Judge throws out wrongful-death suit against Tenn. cop
An officer who left a drunken woman outside a locked house is not at fault for her death 45 minutes later, judge ruled
By Jamie Satterfield
KNOXVILLE, Tenn — A Knoxville officer who left a drunken woman outside a locked house is not at fault for her death 45 minutes later, a federal judge has ruled.
Kentucky U.S. District Judge David Bunning has tossed out a wrongful-death lawsuit against the Knoxville Police Department and Officer Randall Smith in the August 2010 death of Mysti Breez Leath. A second officer, Jason Artymovich, who was nominally involved in the case, also has been cleared in the litigation.
The lawsuit blamed Smith for Leath's death in a car crash 45 minutes after Smith left her outside her parents' locked home.
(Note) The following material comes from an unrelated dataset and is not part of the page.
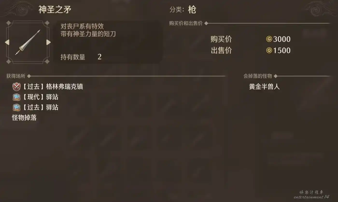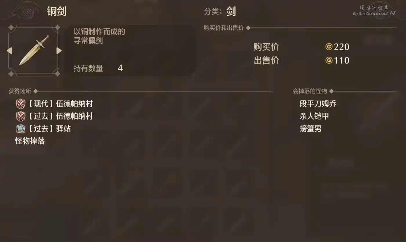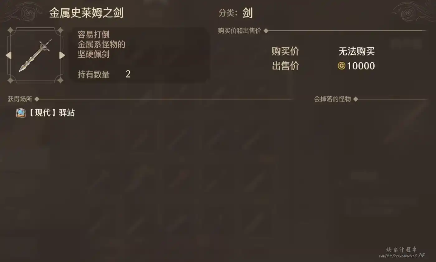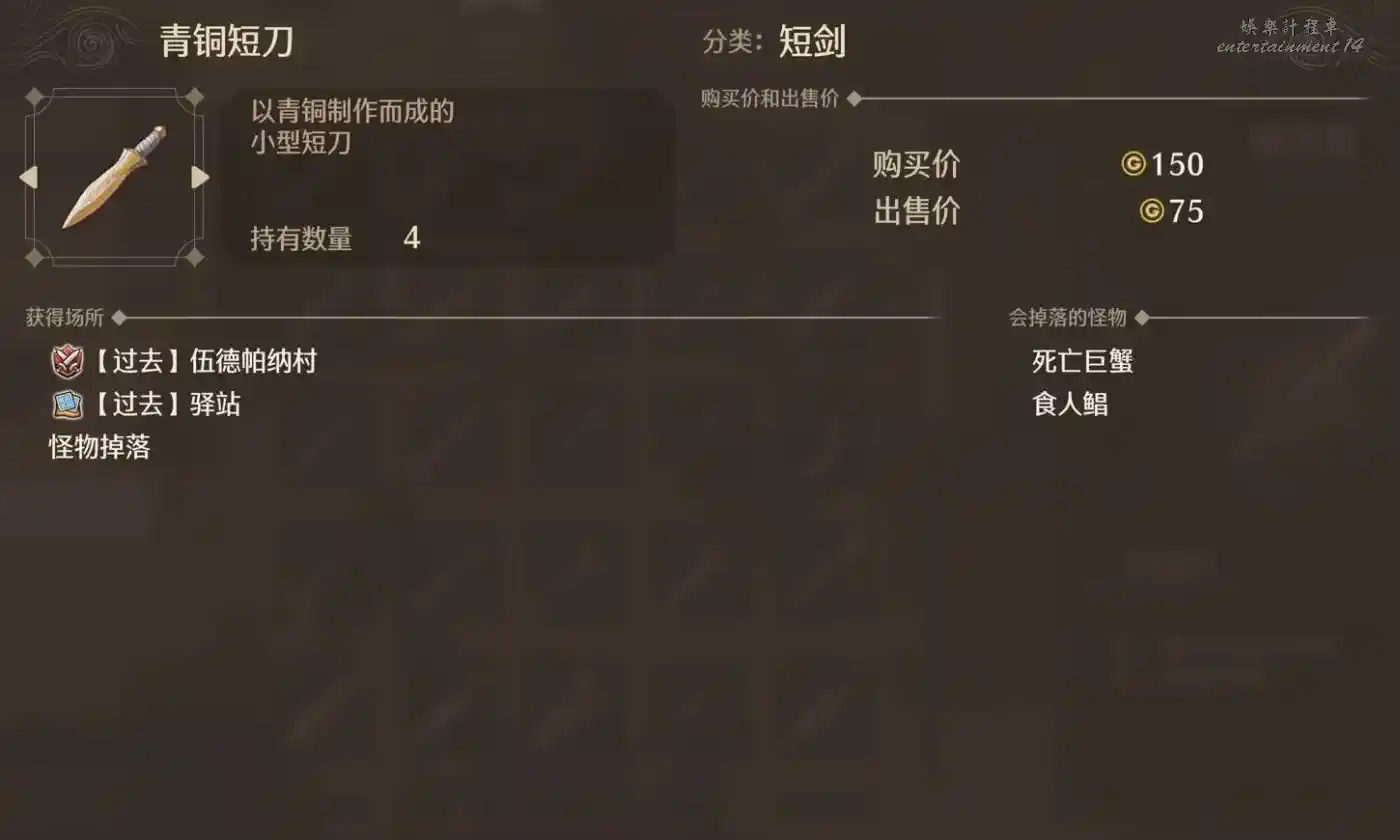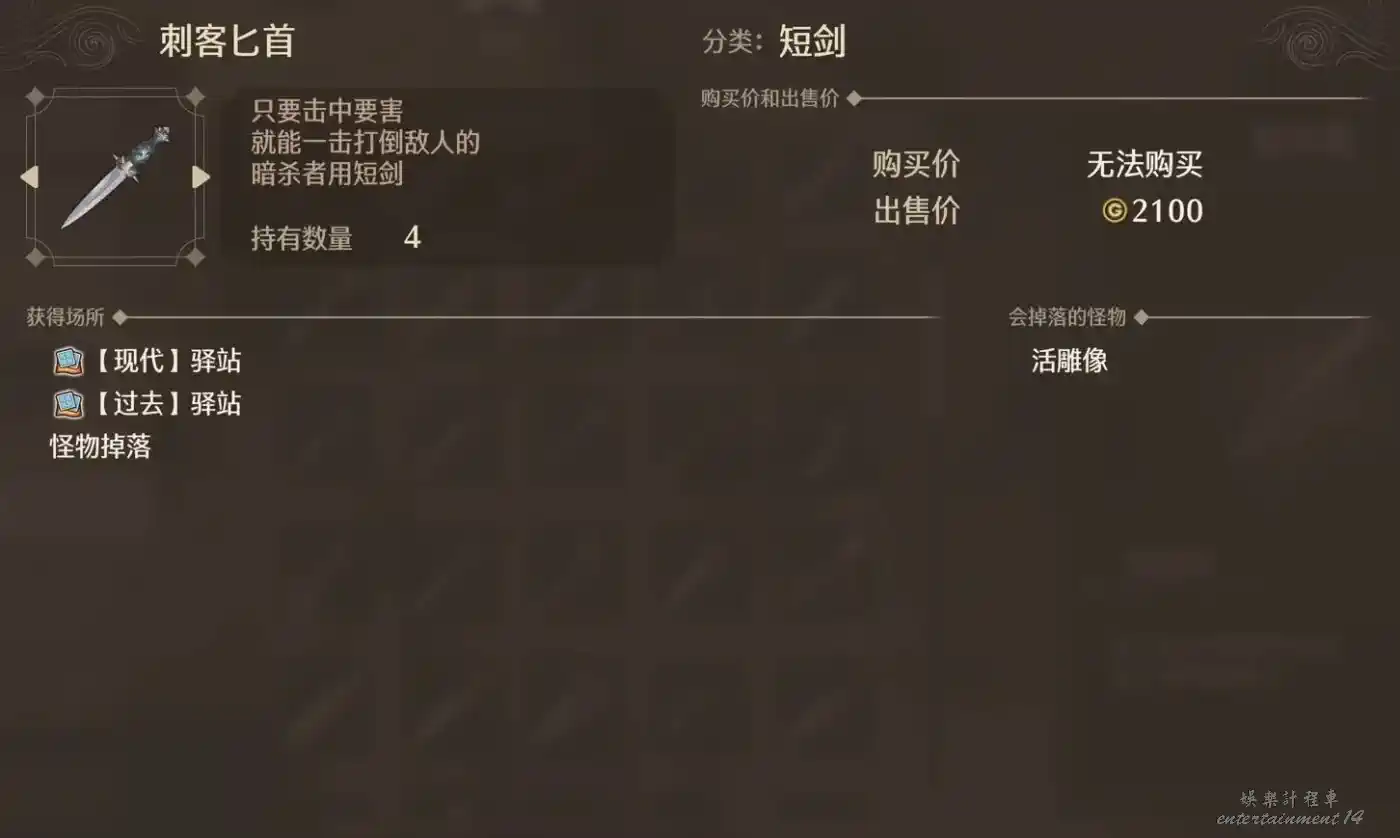 勇者鬥惡龍 7 Reimagined 武器圖鑒 8 2 月 2026-02-08 廣告 作者:從來不打無傷 來源:bilibili 沒寫獲得途徑的: 1.劇情獲得2.小徽章收集兌換3.競技場挑戰4.寶箱或者閃光點 翻翻樂寶箱限定:巨斧、流浪金屬史萊姆劍、流浪金屬史萊姆迴旋鏢 剩下沒寫的是2星、4星獎勵 柏木棍 銅劍 鋼鐵劍 破邪之劍 妖精之劍 鋸齒刀 冰刃 隼之劍 尤巴爾之劍 淺眠之劍 漣漪之劍 誘惑之劍 白金劍 梅爾文之劍 斬屍劍 光之劍 斬龍劍 火焰劍 雷鳴之劍 歌迪亞斯之劍 金屬史萊姆之劍 奇跡之劍 風雪之劍 手半劍 水龍之劍 王者之劍 流浪金屬史萊姆劍 海神之劍 彗星之劍 雙刃劍 破壞之劍 金屬史萊姆王劍 銀河之劍 真·水龍之劍 利骨 青銅短刀 神聖短刀 毒蛾短刀 毒針 刺客匕首 穿刺耳環 夜蝶短劍 竹矛 鐵矛 神聖之矛 白金矛 惡魔之矛 聖龍偃月刀 石斧 鐵斧 戰斧 巨斧 魔神之斧 石牙 鋼鐵之牙 魔獸之牙 奧利哈爾之牙 鐵爪 火焰之爪 龍爪 惡魔之爪 魔獸之爪 冥獸之爪 迴旋鏢 利刃迴旋鏢 火焰迴旋鏢 金屬史萊姆迴旋鏢 流浪金屬史萊姆鏢 金屬史萊姆王迴旋鏢 荊棘鞭 皮鞭 野獸鞭 鎖鏈鞭 晨星鞭 龍尾鞭 鋼鐵之鞭 古林蓋姆之鞭 破壞鐵球 超古林蓋姆之鞭 星之扇 月之扇 太陽之扇 聖王之扇 玫瑰人生 魔道士法杖 祝福之杖 沉睡法杖 妖精短杖 符文法杖 泰塔尼亞杖 冰之法杖 制裁法杖 封魔法杖 塞壬法杖 天譴法杖 雷鳴法杖 英雄之杖 賢者法杖 女神法杖 復活法杖 海鳴法杖 精靈王之杖 岩漿法杖 永恆法杖 棍棒 大木棰 大鐵錘 平底鍋 戰錘 魔神之錘 力量之爪

According to the judge's ruling, Leath, 23, had been involved in a brawl among a house full of young women, all of whom had been drinking.
The fight had concluded when Smith and Artymovich arrived. With no evidence to show who started the fight, the officers chose not to arrest anyone, but Smith offered to take Leath to her parents' home. When they arrived, the house was locked, and no one came to the door. Leath assured Smith she could gain entry via a hidden key, so Smith, who was captured on audio worrying over leaving Leath "intoxicated" outside, left, Bunning wrote.
Leath did not go inside the house, however, but instead wound up a passenger in a car driven by one of the women with whom she earlier had brawled. Leath was killed when her drunk friend crashed the car into a tree. A police report filed at the time indicated Leath may have contributed to the crash by again fighting with her friend in the car.
The lawsuit alleged Leath was drunk and high on prescription drugs when Smith dropped her off and faulted him for leaving her alone and "in danger." He owed her a duty of care once he chose to take her to her parents' home, the lawsuit alleged.
Bunning ruled Smith bore no blame for Leath's death.
"This is unquestionably a tragic case," Bunning wrote. "However ... Officer Smith is not responsible for the tragedy. He did not violate Leath's substantive due process rights because he neither took Leath into custody such that he incurred the affirmative duty to care for her, nor did he leave her in a place of grave danger.
"Instead, he generously gave Leath a ride to her parents' residence and left her when he was assured she could get inside the home," Bunning continued. "Unfortunately, Leath was later killed after choosing to get in the vehicle with an intoxicated driver who wrecked into a tree. Officer Smith had nothing to do with this unforeseeable accident."
Bunning is one of a handful of Kentucky judges who are helping out with Knoxville-based federal cases in the wake of the retirement of U.S. District Judge Thomas Phillips. Pamela L. Reeves, tapped by President Barack Obama to replace him, has not yet been confirmed by Congress.